Sales used one definition of active customer. Finance used another. Support wanted canceled customers included while service obligations were still open. Security wanted a sensitive field masked. Analytics wanted drill-through access to transaction-level detail. Legal asked whether the retention schedule allowed the historical table to exist in the first place.
The glossary had entries. It did not have operating force.
That is the standard I use now: a governance glossary is useful only if it changes how a data product is reviewed, approved, accessed, monitored, and retired. A definition should name the thing, but it should also tell the team who owns it, where it appears, how it is measured, and what decision it affects.
This post is a practical glossary for enterprise data governance. It is not a legal taxonomy, and it is not a replacement for frameworks like EDM Council DCAM, NIST CSF 2.0, NIST Privacy Framework, or NIST SP 800-53. It is the operating language I want in the room when business, analytics, platform, security, privacy, and governance teams have to make the same data product mean the same thing.
How to Use the Glossary#
A glossary entry should answer more than "what does this term mean?"
It should answer:
- Who owns the term?
- Which data products use it?
- Which source is authoritative?
- Which quality rules prove it is fit for use?
- Which privacy or security controls apply?
- Which downstream decisions break if the meaning changes?
The tradeoff is precision over speed. It is faster to let every team define terms locally. It is also how enterprises end up with five revenue numbers, three customer counts, and a privacy review that discovers sensitive data after the dashboard is already trusted.
The better path is slower at the definition boundary and faster everywhere downstream.
Business and Analytics Terms#
These terms describe how data becomes decision support.

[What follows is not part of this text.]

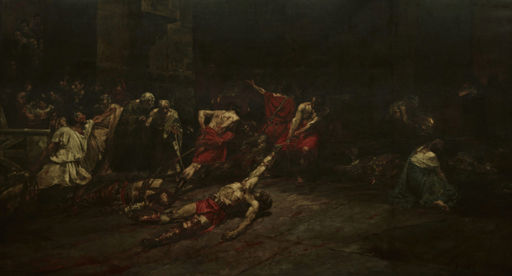 Another way to establish the connection is through a visual comparison. Jean-Léon Gérôme’s Pollice verso (1872) became one of the most influential nineteenth-century images of Roman gladiatorial spectacle. Other art historians have argued how later artists and audiences visualized the arena’s violence and choreography through this specific painting. Its combination of archaeological detail, staged aftermath, and the central motif of defeated bodies hauled across the arena floor established a compositional format that later history painters readily recognized. When Juan Luna developed Spoliarium (1884), he worked within this established academic template: the large-scale horizontal layout, focus on the removal of corpses, and reconstruction of Roman setting all resonate with the visual vocabulary Gérôme had already popularized. Gérôme’s painting thus functioned as a precedent which helps explain why Spoliarium was immediately legible to Salon audiences attuned to Gérôme’s format.
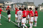 真夏を思わせる天候の下、汗をいっぱいかき、顔を真っ赤にしながら、ボールを追いかけてきました。

| Term | Working definition | Review question |
|---|---|---|
| Business Intelligence (BI) | Tools, processes, and practices that turn raw or modeled data into information for decision-making. | Which decision or operating rhythm does this BI asset support? |
| Dashboard | A monitoring surface that shows current or frequently refreshed status. | Is the dashboard for live monitoring, or is it being used as a static report? |
| Scorecard | A performance snapshot against targets, goals, or thresholds. | Are targets approved, current, and owned? |
| Report | A structured analytical output, often with more detail, context, and interpretation than a dashboard. | Is the report exploratory, official, regulatory, or operational? |
| Drill down | Navigation from a summary level into lower levels within the same hierarchy, such as year to quarter to month. | Does the hierarchy match the governed dimensional model? |
| Drill through | Navigation from one analytical view into a related detail page or dataset filtered to a selected context. | Is the detail view governed at the same classification and access level? |
| Metric | A quantifiable measure of activity, quality, risk, cost, or outcome. | Is the calculation documented and reproducible? |
| Key Performance Indicator (KPI) | A metric tied to a strategic or operational target. | Who owns the target, tolerance, and interpretation? |
| OLAP | Online Analytical Processing: multidimensional analysis across measures, dimensions, hierarchies, and aggregations. | Are dimensions, grains, and aggregations consistent across tools? |
| Data mining | Statistical or computational analysis to discover patterns, associations, clusters, anomalies, or predictive signals. | Is the discovered pattern approved for action or only exploration? |
| Semantic layer | A governed business-facing model of metrics, dimensions, relationships, and calculations. | Is the semantic layer the source for official BI definitions? |
| Self-service analytics | A model where business users explore governed data with approved tools and guardrails. | Which datasets are certified for self-service use? |
Microsoft's Power BI drillthrough documentation is a useful reminder that navigation features carry governance implications. Drill-through often moves a user from summary to detail. That can change privacy risk, row-level access needs, and interpretation.
Governance Roles and Structures#
These terms describe who can define, approve, implement, and escalate.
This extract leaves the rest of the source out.